Upper Extremities and Aortic Arch


Key Points

  • Arterial disease in one vascular bed is a harbinger of disease in other vascular beds.

  • The differential diagnosis of diseases involving the upper extremity (UE) and aortic arch branch vessels is vast and requires extensive knowledge and a thorough history and physical examination.

  • In patients with suspected arterial disease, blood pressure should be measured in both UEs, and if Takayasu arteritis is suspected, blood pressure should be measured in all four extremities.

  • Anatomic variation in the UE vessels and aortic arch occurs in 20% to 30% of the population, and the pathologic significance depends on the anomaly.

  • The physical examination of a patient with UE disease is incomplete in the absence of performing diagnostic maneuvers to evaluate for thoracic outlet syndrome (TOS).

  • Before performing percutaneous intervention for UE large vessel disease, the relationship of branch vessels to the lesion and ostial involvement of the lesion should be thoroughly evaluated.

  • Percutaneous intervention in the brachiocephalic artery is more complicated than revascularization of the subclavian artery due to the potential for embolization to the anterior cerebral circulation.

  • Percutaneous revascularization has become first-line therapy instead of surgery for treating atherosclerotic brachiocephalic or subclavian stenosis because of the high technical success rates, the low restenosis and high patency rates, and lower cost with quicker recovery times.
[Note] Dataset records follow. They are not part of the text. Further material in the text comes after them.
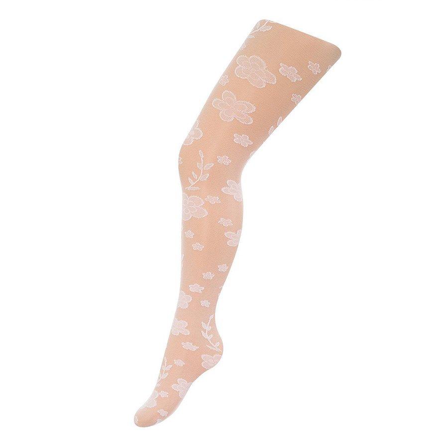 Очаровательные колготки, плотностью 30 ден для девочек. Модель имеет фактуру мелкой сетки и декорирована изысканным флористическим узором.
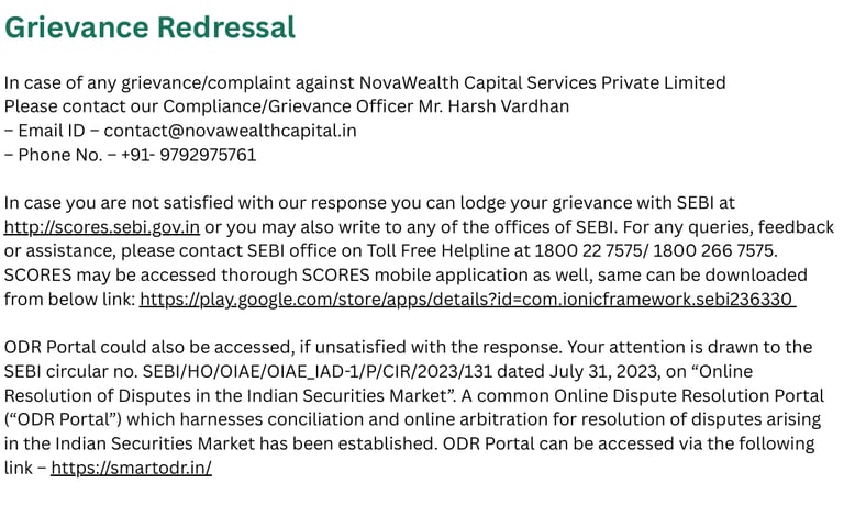 Click on the button above for Grievances Redressal and Compliance Officer details
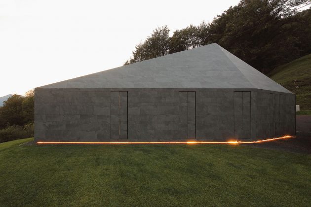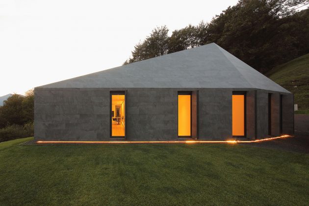 The project was created around the local building code, which imposes each house to have a dark gray pitched roof for a better integration with the environment. Starting from this constraint, the idea developed into an homogeneous solution using the same material for both the roof and façades, in order to provide the building with a monolithic aspect, like a stone in the landscape.
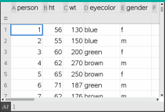 | 1. | Create a list that holds the category identifiers. For this example, name the list “color” and type strings for eye color. Enclose category names in quotes to prevent them from being interpreted as variables. |
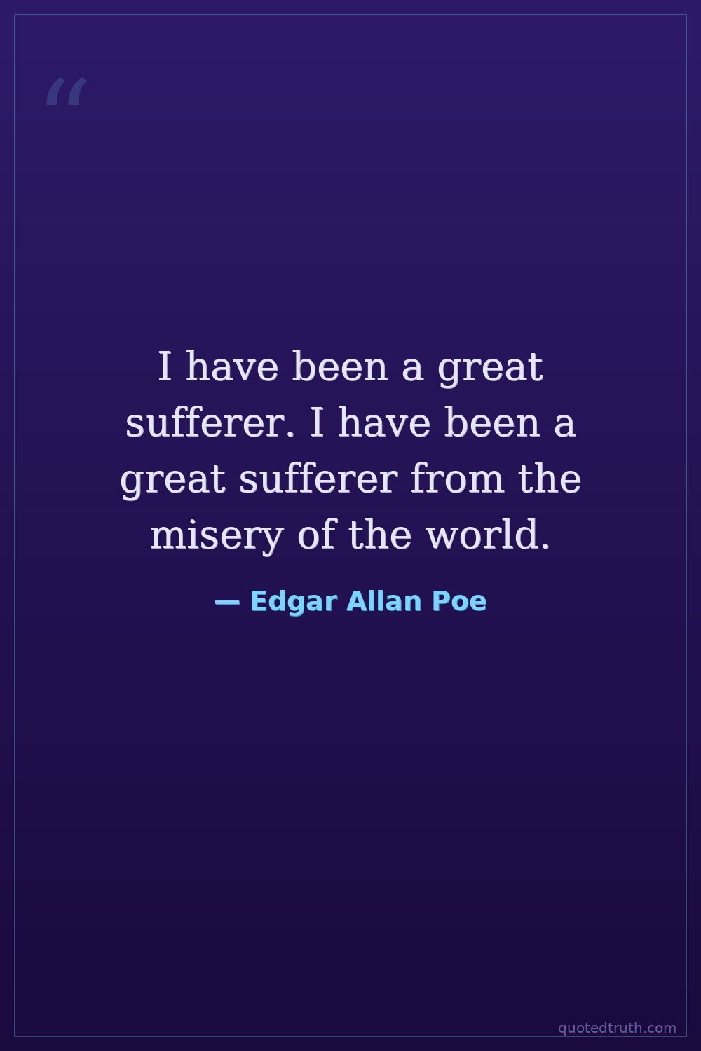 I have been a great sufferer. I have been a great sufferer from the misery of the world.
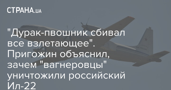 "Дурак-пвошник сбивал все взлетающее". Пригожин объяснил, зачем "вагнеровцы" уничтожили российский Ил-22
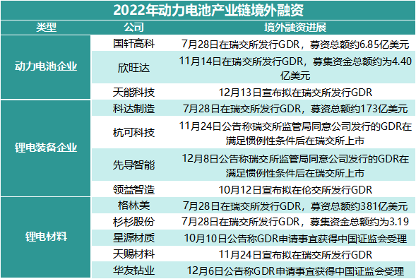 据不完全统计,目前成功在海外通过发行CDR(存托凭证)成功上市的包括国轩高科、欣旺达两家电池企业,此外还有材料和装备企业格林美、杉杉股份和科达制造。
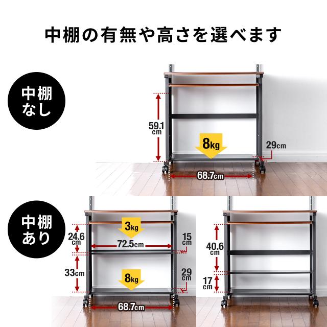 ●ミニタワーは下棚収納も可能です。さらに取り外しのできる中棚がついており収納に便利です。
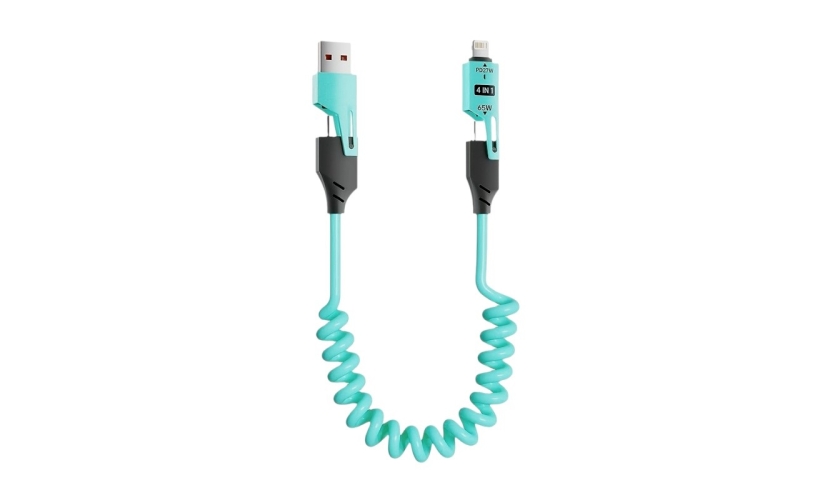 Καλώδιο φόρτισης Fast Charge και μεταφοράς δεδομένων USB Type-C σε Type-C με 2 αντάπτορες σε Lightning και USB 2.0.Με εργονομικό σχεδιασμό, σπιράλ επεκτεινόμενο.Προσφέρει εξαιρετικά υψηλές ταχύτητες φόρτισης σε έως και 65W.

  • Management of UE arterial and aortic arch vascular disease requires discernment of when to refer patients to surgery and an understanding of the management of aneurysmal disease.

INTRODUCTION

From the inception of the subspecialty of interventional cardiology, to the Centers for Medicare and Medicaid Services (CMS) physician specialty designation for interventional cardiology, the scope of interventional cardiology has continued to expand. The discipline has grown beyond percutaneous management of coronary artery disease to include therapy for valvular and structural heart disease and endovascular treatment of aortic aneurysm, venous disease, and peripheral arterial disease (PAD), including management of vascular disease in the upper extremity (UE) and proximal arch vessels.

The continued evolution of cardiology in the field of vascular medicine has been a natural extension because atherosclerosis is a systemic process that is not isolated to the coronary vasculature, and a high degree of correlation exists between the extent of atherosclerosis in the coronary, carotid, and brachial arteries. Coronary disease is associated with an increased risk of PAD, and among those with PAD, the risk of coronary and cerebrovascular ischemic events with significant morbidity and mortality is extremely high. Most of the management concepts and techniques for coronary arterial disease are transferable to the treatment of PAD when a conservative medical strategy or percutaneous therapy is employed.

General and interventional cardiologists care for patients with coexistent coronary and peripheral vascular disease and those with significant risk factors for the development of arterial vascular disease. These clinicians must have a thorough understanding of PAD, including the application of screening tools and management strategies.

This chapter discusses the anatomy, epidemiology, risk factors, diagnosis, and treatment of PAD involving the UE (i.e., axillary and brachial arteries) and proximal arch vessel (i.e., subclavian artery). It excludes carotid arterial disease evaluation and management, which are discussed in Chapter 46 .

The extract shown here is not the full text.